Trident: a shadowy, hidden violence.

On Ash Wednesday members of the London Catholic Worker, the Catholic Worker Farm, Pax Christi and Christian CND met in Embankment Gardens to take part in the yearly liturgy that bears witness to the moral scandal of our government’s nuclear weapons programme. Ann Kelly and Anne Peacey from the NJPN, Fr Joe Ryan and the Nipponzan Myohoji Buddhist monks and nuns also joined us.

At the start of the liturgy we laid out the charcoal and ashes to be blessed.

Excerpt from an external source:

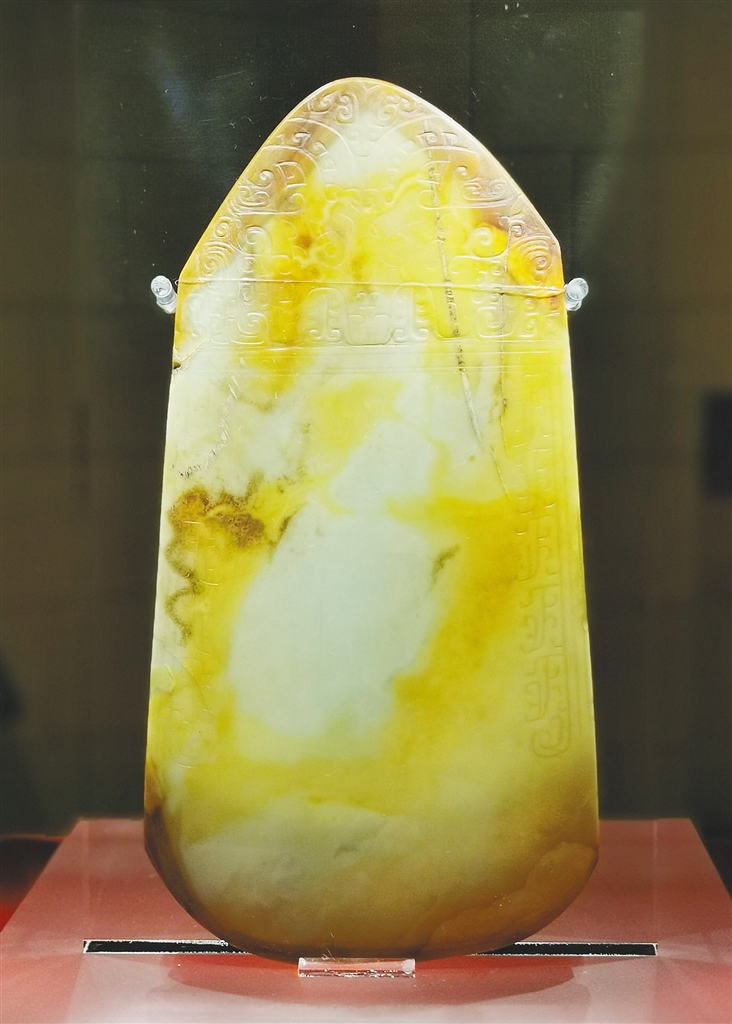 虽然玉器的颜色很多,但纵观整个玉器发展史,大部分出土的玉器还是以一种或两种颜色居多,即便有渐变色和沁色,也很少有彩色的玉器出现,唯一能够称得上五彩斑斓的只有四川的金沙玉器了。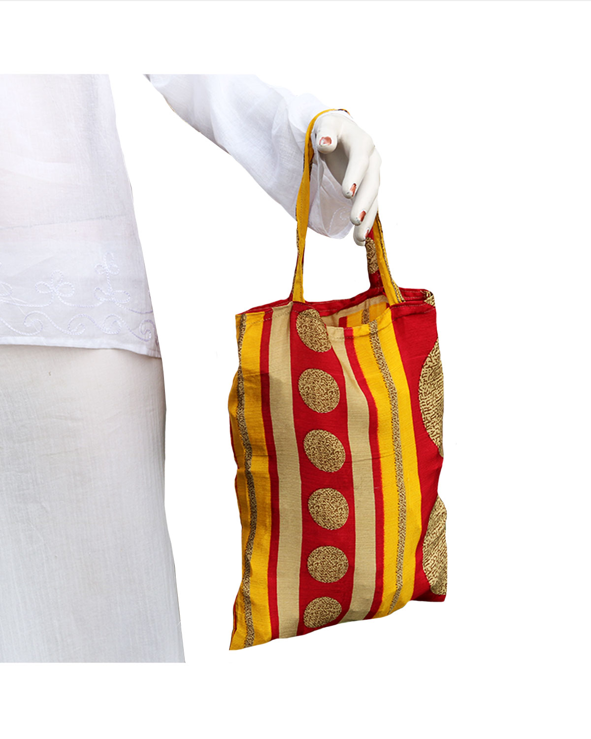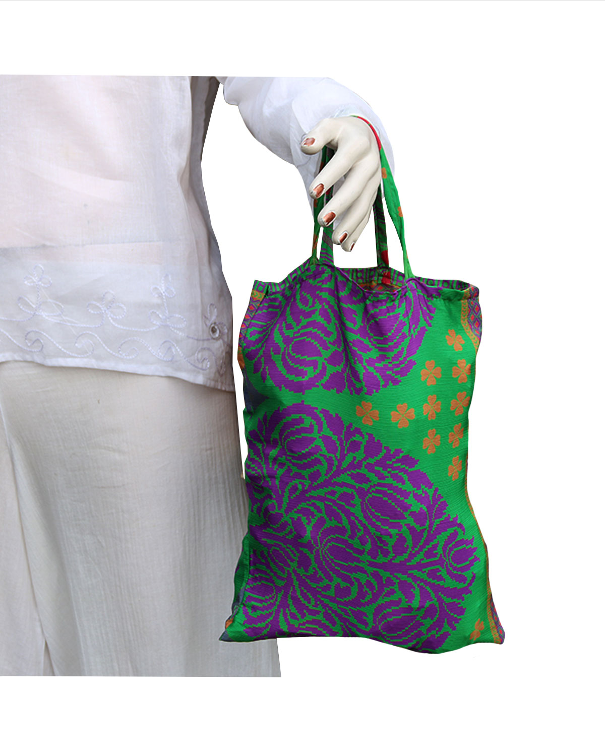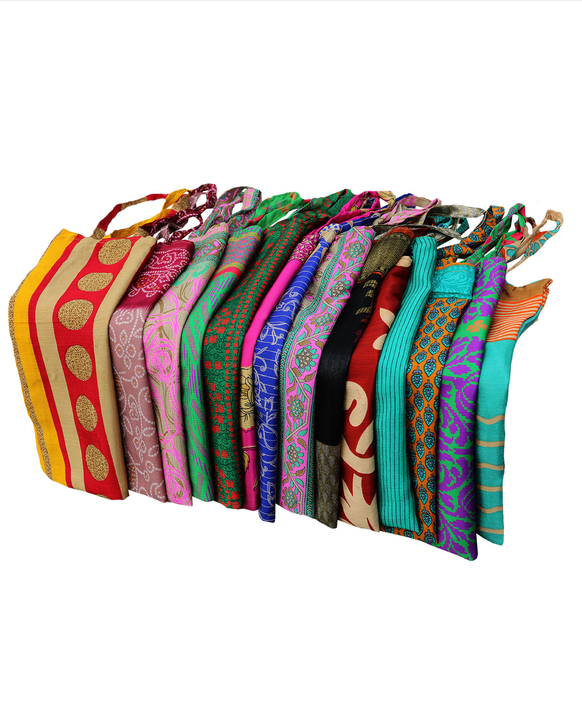 Funzionali e graziose sacche realizzate in misto seta-viscosa con sari indiani in India, cucite artigianalmente, dotate di comodi manici. Ideali per trasportare oggetti non pesanti, da emergenza in borsetta, confezionare regali in modo elegante ed ecosostenibile, riutilizzabili, per imbustare un capo d’abbigliamento o anche per conservare scarpe o ciabattine. Disponibili in colori e fantasie assortite. Misure cm 30 x 36 circa, con manici cm 55. Le sacche possono essere fornite in colori assortiti. E’ possibile indicare la scelta dei colori di base, ma non le tipologie di fantasia in quanto sono tutte diverse fra di loro.Disponibili in set da 12 pz. assortite.

After being marked ourselves with ashes, we processed round Whitehall Avenue, under the banner, ‘No Faith in Trident’. When we came to the Ministry of Defence we spread ashes on sackcloth, in the form of the word ‘Repent’ and greeted each other, the police and the taxi drivers who happened to be striking that day with the sign of peace.

When the procession got to the back of the MOD Fr. Martin Newell cp and I clumsily rolled over the fence and marked the back wall, with a charcoal cross. Earlier that day Scott Albrecht from the Catholic Worker Farm and Ray Towey had already marked the front entrance.

Trident is a shadowy, hidden violence, only reported on when there is a debate in Parliament. Yet here in Whitehall sit the people whose job it is to take part in the procurement of the nuclear warheads, missiles and submarines.

In preparing for this day I read Deuteronomy 30:19, ‘I have put before you life and death [..] therefore choose life’. We, together with the people who work in Whitehall, have the power to influence decisions. Our own moral failure means that we still maintain these weapons. Ash Wednesday is a good moment to remember our collective sin.

During vigils and processions such as this one, I’ve often become aware of the heavy masonry buildings seeming to lose their permanence. By focusing on our own faith and prayer we realize their ephemeral nature; they are only full of people just like ourselves. The capacity for repentance, then, is enormous and the Ash Wednesday witness is full of hope.